Un reloj dió la hora. Ya debía de ser de día. Miró hacia la ventana. Por las rendijas no entraba luz. Dió un salto, saliendo del lecho, abrió un postigo y... el sol había abandonado a la aurora, no la seguía; el alba era noche. Ni sol ni estrellas. El reloj repitió la hora. El sol debía estar sobre el horizonte y no estaba. El cielo se había caído al abismo. "¡Estoy ciego!", pensó Arial, mientras un sudor terrible le inundaba el cuerpo y un escalofrío, azotándole la piel, le absorbía el ánimo y el sentido. Lleno de pavor, cayó al suelo.

***

Cuando volvió en sí, se sintió en su lecho. Le rodeaban su mujer, sus hijos, su médico.

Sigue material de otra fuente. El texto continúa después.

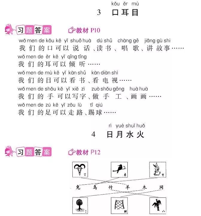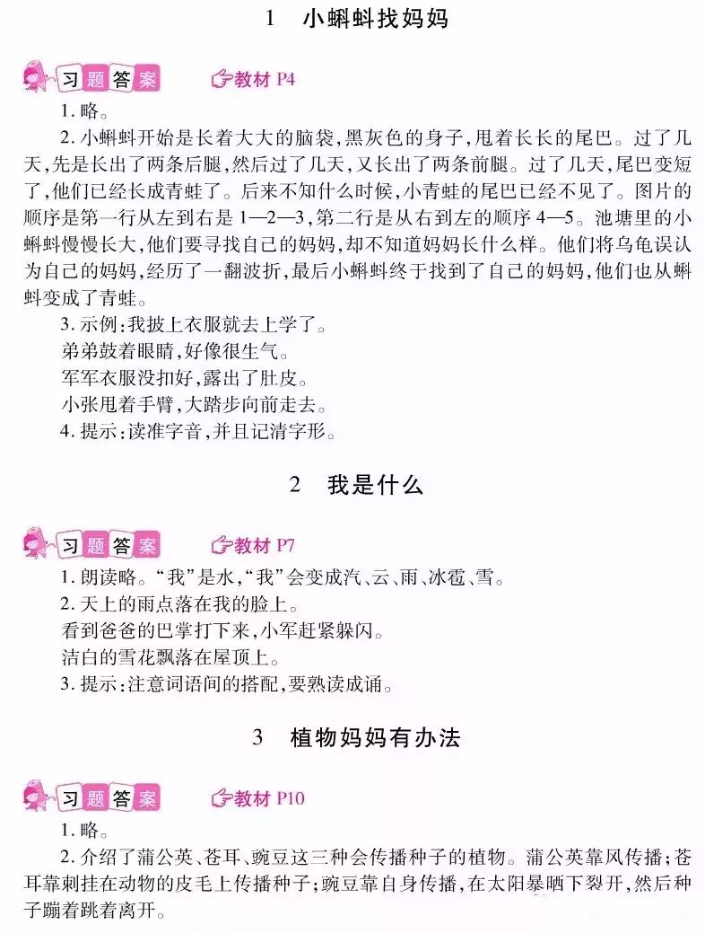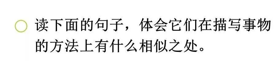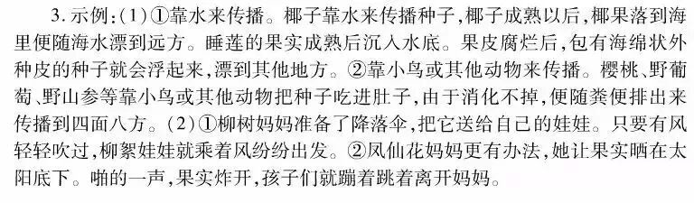 一年级(第一单元课后习题参考答案) 二年级(第一单元课后习题参考答案) 三年级(第一单元课后习题参考答案) 第一课《大青树下的小学》 一、朗读课文,在文中画出有新鲜感的词句与同学交流。 (有新鲜感的词句”是指运用比拟、比照、比喻等等修辞手法的有关词句,使用修饰限定方法写具体形象的有关词句,以及进行细致描述细节的有关词句。而这样的词句,学生读后感到写得生动有趣、具体形象,有耳目一新的感觉。) 1、早晨,从山坡上,从坪坝里,从一条条开着绒球花和太阳花的小路上,走来了许多小学生,有傣族的,有景颇族的,有阿昌族和德昂族的,还有汉族的。 这句话告诉我们这些来自不同民族的小朋友,早早地起床,迎着朝阳,踩着露珠,高高兴兴地朝着一个共同一个地方──学校走去。这句话描绘出众多的学生由远及近汇集而来的壮观景象了。句子中用了三个“从……”相似的结构的词语,和“有……有……有……还有……”让我们一读就在脑海里能形成清楚具体的画面,读起来朗朗上口,形成一定的语势,给我们有身临其境、耳目一新的感觉。这样的词句,我们叫它为“有新鲜感的词句”。 2、大家穿戴不同、语言不同,来到学校,都成了好朋友。那鲜艳的民族服装,把学校打扮得更加绚丽多彩。 这句话告诉我们这是一所民族团结的学校。大家虽然来自不同的家庭,来自不同的民族,穿戴不同,语言不同,但都成了好朋友。在祖国的大家庭里,在鲜艳的五星红旗下共同过着幸福的学习生活。“穿戴不同”“鲜艳的服装”“绚丽多彩”形成“绚丽多彩的学校”画面。 3、同学们向在校园里欢唱的小鸟打招呼,向敬爱的老师问好,向高高飘扬的国旗敬礼。 这一句课文作了提示“我好象看到了这样的情景”这是想象的句子。这句话中连续用了三个“向……”,形成“进行各种活动”的画面。写出了学校的生活的美好,孩子们来到学校时的欢快心情。 4、最有趣的是,跑来了几只猴子。这些山林里的朋友,是那样好奇地听着同学们读课文。下课了,大家在大青树下跳孔雀舞、摔跤、做游戏,招引来许多小鸟,连松鼠、山狸也赶来看热闹。 这句话写出了操场上到底怎样热闹,课间活动丰富多彩,引得小动物心生羡慕,也前来看热闹。句子用拟人的手法把小鸟,松鼠、山狸写成了会看热闹的人,小动物们的出现更加突出了民族小学的特点,为学校增添了欢快活泼的气氛,也突出了孩子们的愉快心情。 5、这时候,窗外十分安静,树枝不摇了,鸟儿不叫了,蝴蝶停在花朵上,好像都在听同学们读课文。 作者把树枝、鸟儿、蝴蝶和猴子当成人了,成了朋友,所以作者说这些山里的朋友“都在听”“好奇地听”。 二、这所学校有哪些特别的地方?用自己的话说一说。 提示: 大青树下的小学是一所边疆的山里的多个民族小学,是一所可爱的小学。 大青树下的小学是一所可爱的多个民族小学,是一所边疆山里的小学。 大青树下的小学是一所可爱的边疆山里的小学,是一所多个民族的小学。 三、你的学校是什么样的?同学们在学校里做些什么?选择一个场景说一说 示例: 下课了,同学们在操场上锻炼身体,有打篮球的,有踢足球的,还有跑步的,有玩“老鹰捉小鸡”的……真是热闹极了! 上课了,同学们一个个坐得像松树一样挺直。语文老师拿着教材和备课本急匆匆地走进教室。老师亲切地说:“上课。”班长高声地说:“起立。”同学们齐声说:“老师好。”老师和蔼地说:“同学们好。”班长说:“坐下。”一节有趣的语文课开始了。 教室里,同学们正在安静地听老师上课,他们时而冥思苦想,时而踊跃发言,时而合作谈论,真是一节有趣的课。 图书室里,同学们安静地阅读,没有交谈、没有走动,只听见纸张翻动和笔尖滑动的沙沙声。 下课了,同学们来到操场上,打球、跳绳、踢毽子,玩得不亦乐乎,连路过操场的老师们都露出微笑,为他们点赞。 花坛边,聚集了好多小朋友,他们有的凑到鲜花边上,闻闻花香;有的摆上画架,画画盛开的花朵;还有的像快乐的小蝴蝶一样,绕着花坛翩翩起舞。 第二课《花的学校》 1、朗读课文,想象花“在绿草坪上跳舞、狂欢”的情景。 提示:一边读课文,一边画出,描写花在绿草上“跳舞、狂欢“的句子,然后相信他们是怎么样跳舞、狂欢的。想象一下他们的舞姿是怎么样的,情景是怎么样的;狂欢的时候会说什么,做什么。 2、读课文的时候,你注意到下面加点的部分了吗? 湿润的东风走过荒野,在竹林中吹着口笛。 树枝在林中互相碰触着,率也在狂风里簌簌地响,雷云拍着大手。 提示:加点部分都是拟人化的短语,通过拟人形象生动地描述了东风、树枝和雷云的动作,让我们感受到雷雨交加的恶劣天气,花在跳舞、狂欢时热烈的气氛,体会到花孩子愉快的心情。 3、“雨一来,他们便放假了”。你喜欢这样的表达吗?请照样子写一写,如,“清风一吹,他们……”“蝴蝶一来,他们……” 答案: 清风一吹,它们便跳起了轻快的舞。 蝴蝶一来,他们便撒欢了。 清风一吹,他们便去旅行了。 蝴蝶一来,他们便打开大门欢迎。 清风一吹,他们便礼貌地打着招呼。 蝴蝶一来,他们便大方地献上花粉招待客人。 语文园地一 四年级(第一单元课后习题参考答案) 第一课《观潮》 一、说说课文是按照什么顺序描写钱塘江大潮的,你的头脑中浮现出怎样的画面,选择印象最深和同学交流。 答:课

No los veía; no veía nada. Faltaba el tormento mayor; tendría que decirles: no veo. Pero ya tenía valor para todo. "Seguía habiendo Dios, y todo estaba bien." Antes que la pena de contar su desgracia a los suyos, sintió la ternura infinita de la piedad cierta, segura, tranquila, sosegada, agradecida. Lloró sin duelo.

"Salid sin duelo, lágrimas, corriendo."